Authors: Judah Fortgang and Tej Seth

One of the more difficult tasks every offseason is trying to project a team’s outlook for the upcoming year. One approach, we think, is to establish some key metrics to create a base from the last year, allowing us to compare teams at each stage of the following year to those last year. Oftentimes rooted in a coach’s philosophy, offensive tendencies are relatively stable year-over-year and during the season—barring key coaching and personnel changes, of course. By tendencies, we refer to how a team tends to lead their offensive attack. Combining our own priors with an understanding of how offenses operate could be a powerful tool both for projections and, during the season, separating which teams are noisy and which are the signal. 

To accomplish this, we ran a cluster analysis to learn how offenses both attacked and executed their offenses in 2020. Here are the variables:

  • PROE=Pass Rate Over Expected
  • EXPLP=Explosive Play rate(rate of 20 yd gains)
  • EXPA=Explosive Play attempt rate (air_yards+xyac>=20)
  • QBSR=QB Scramble rate
  • EDSR= Early Down Success rate
  • LDSR=Late Down Success rate
  • TAL= Third and Long rate
  • FDR=First down rate
  • QBSKR= QB sack rate

Our goal with these variables is twofold:

  1. We want to see teams approach without including results-based metrics. Aka the process to “how” they attack. These variables include: EXPA, PROE, QBSR, etc. 
  2. We also wanted to include metrics that capture the results, how efficient teams were given their choice of attack. These include: EXPLP, ED/LD SR, etc. Here are each Cluster’s features:  

Cluster 1: “Maybe Next Year”

  • High 3rd & Long Rate
  • Low Success Rates
  • Example team: Denver Broncos

Cluster 2: “Balanced Attack”

  • Average Explosive Plays 
  • Average Success Rates
  • Example Team: Arizona Cardinals

Cluster 3: “Embrace the Variance”

  • High Sack Rates
  • High Late Down Success Rate
  • Example team: Seattle Seahawks

Cluster 4:  “March and Avoid Negative Plays”

  • Low Pass Rate Above Expected
  • High 1st Down Rate
  • Example team: Tennessee Titans

Cluster 5: “The Model Offenses”

  • High Pass Above Expected
  • High Explosive Plays Attempts and Success
  • Example Team: Kansas City Chiefs

Cluster 6: “Inefficient Offenses”

  • Low Success Rates
  • High 3rd & Long Rate
  • Example Team: Pittsburgh Steelers

And here are the teams in their clusters: 

Cluster 1 contains the teams who achieved little degree of offensive success last season, with poor QB play all around for the teams in the cluster.

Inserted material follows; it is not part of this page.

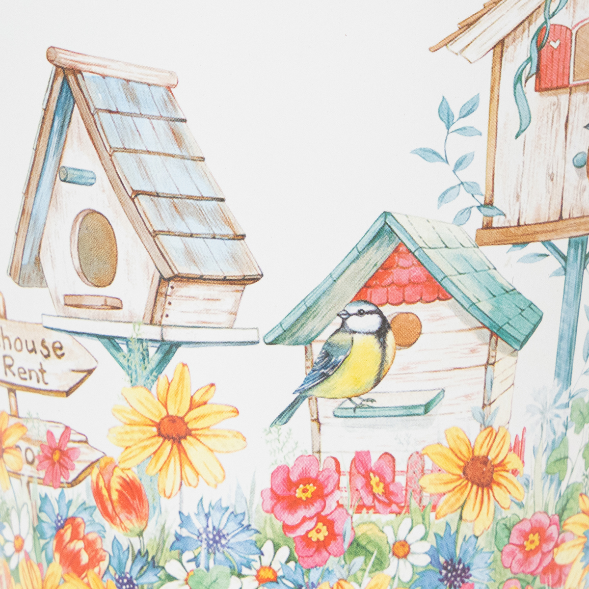 Ez a bádogvödör nyomtatott fóliával van bevonva, amelyen színes virágtenger látható három különböző fészkelőládával - néhány madár is látható.
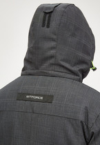 Горнолыжная мужская куртка имеет съемный капюшон на молнии и два фиксатора по бокам. Верх капюшона с фиксатором, регулирующим глубину. Два нагрудных кармана, правый прикрыт ветрозащитной планкой. Два накладных кармана с потайным прорезным на молнии. Манжеты рукавов на регулируемых липучках с эластичными вставками с прорезью для пальца. Ушки капюшона фиксируются липучками и кнопкой и закрыты планкой. На воротнике курки шита ткань для защиты от натирания шеи и подбородка. На груди с правой стороны, на левом рукаве (в районе предплечья) фирменный логотип MTFORCE. Внутренняя часть куртки от плеча до пояса имеет систему omni-heat с фирменным логотипом компании, также подкладка спины выполнена из дышащего материала для улучшения циркуляции воздуха. Внутри имеется два накладных кармана из сетки. С внутренней стороны изделия имеется держатель для наушников, а также, дополнительный боковой карман (слева) на молнии. На ярлыке с правой стороны, присутствует голограмма с фирменным логотипом. Внутри рукавов материал подклад 100% полиэстер. Двойная молния имеет ветрозащитную планку на липучках и кнопках. Есть крючок-держатель.

Teams in cluster 2 did everything at about a league average clip in approach and execution. In cluster 3 we have solid, aggressive offenses whose offensive lines held them back ever so slightly. In cluster 4 we have run heavy teams whose philosophy was to avoid negative plays by remaining conservative and efficiently marching up the field and stockpiling first downs. In cluster 5 we have the juggernauts, passing often and aggressively and doing so efficiently. With strong passing games, it is no coincidence these teams were the conference finalists. In cluster 6 we have the wannabes of cluster 5, passing often and downfield but with poor efficiency. 

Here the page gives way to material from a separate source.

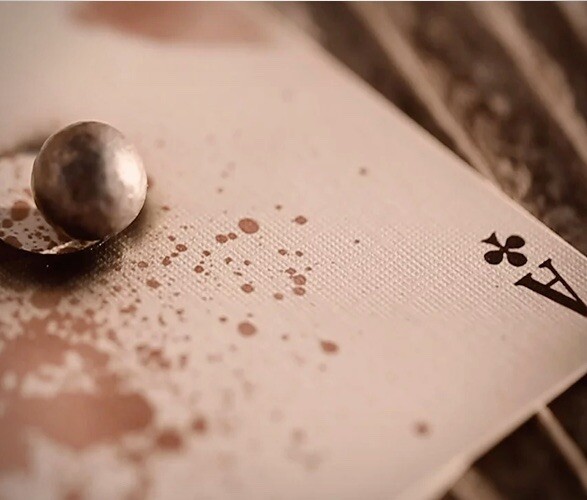 This is a pair of decks; the ORIGINAL Dead Man’s Deck, and the second version of it. Neither is the “unharmed” version. They were NOT sold plastic wrap on the tuck box. Please note that the v1 tuckbox has a stray drop of ink in the upper right corner from the factory, as shown in the close-up photo. Sure be a conversation starter, these cleverly done and totally unique decks are based on the infamous death of James "Wild Bill" Hickock, a Civil War veteran and celebrated gunfighter. Wild Bill was shot in the back during a poker game before he could play his hand...and legend has it that he held Aces and Eights: The Dead Man´s Hand. Each of the morbid cards in this deck has a bullet hole straight through its middle, and the infamous "Dead Man’s Hand” is splattered with bloody red ink. The design is true to the time period, with an ornate, grey pattern and old-style faces. Please check my other listings for many sought-after collectible poker decks including rarities from Stockholm 17, Lotrek/Oath, Bicycle, and Kickstarter exclusives. Thank you!

Here was each EPA per play of the teams in each cluster:

Under this predictions mindset, we think these clusters can be seen as both  archetypes and ranges of outcomes for a given team. For example, the 2021 Rams with Stafford are likely to be more efficient as an offense. And early in the season, we can likely tell how their offensive approach shapes up to a group of similar teams in 2020. Will McVay continue to remain balanced as he was last year? Or will he entertain a cluster 5 type offense with his new QB? It shouldn’t take much time to know. 

Or even a team with a wide range of outcomes like the Jets, this analysis can help to see where this team will fall. Will they try to remain balanced with their rookie QB and end up like a cluster 2 (or 1) team? Or will they Let Zach Wilson loose and look more like a cluster 6 or 3 team? With these clusters, the applications of such predictions are nearly endless.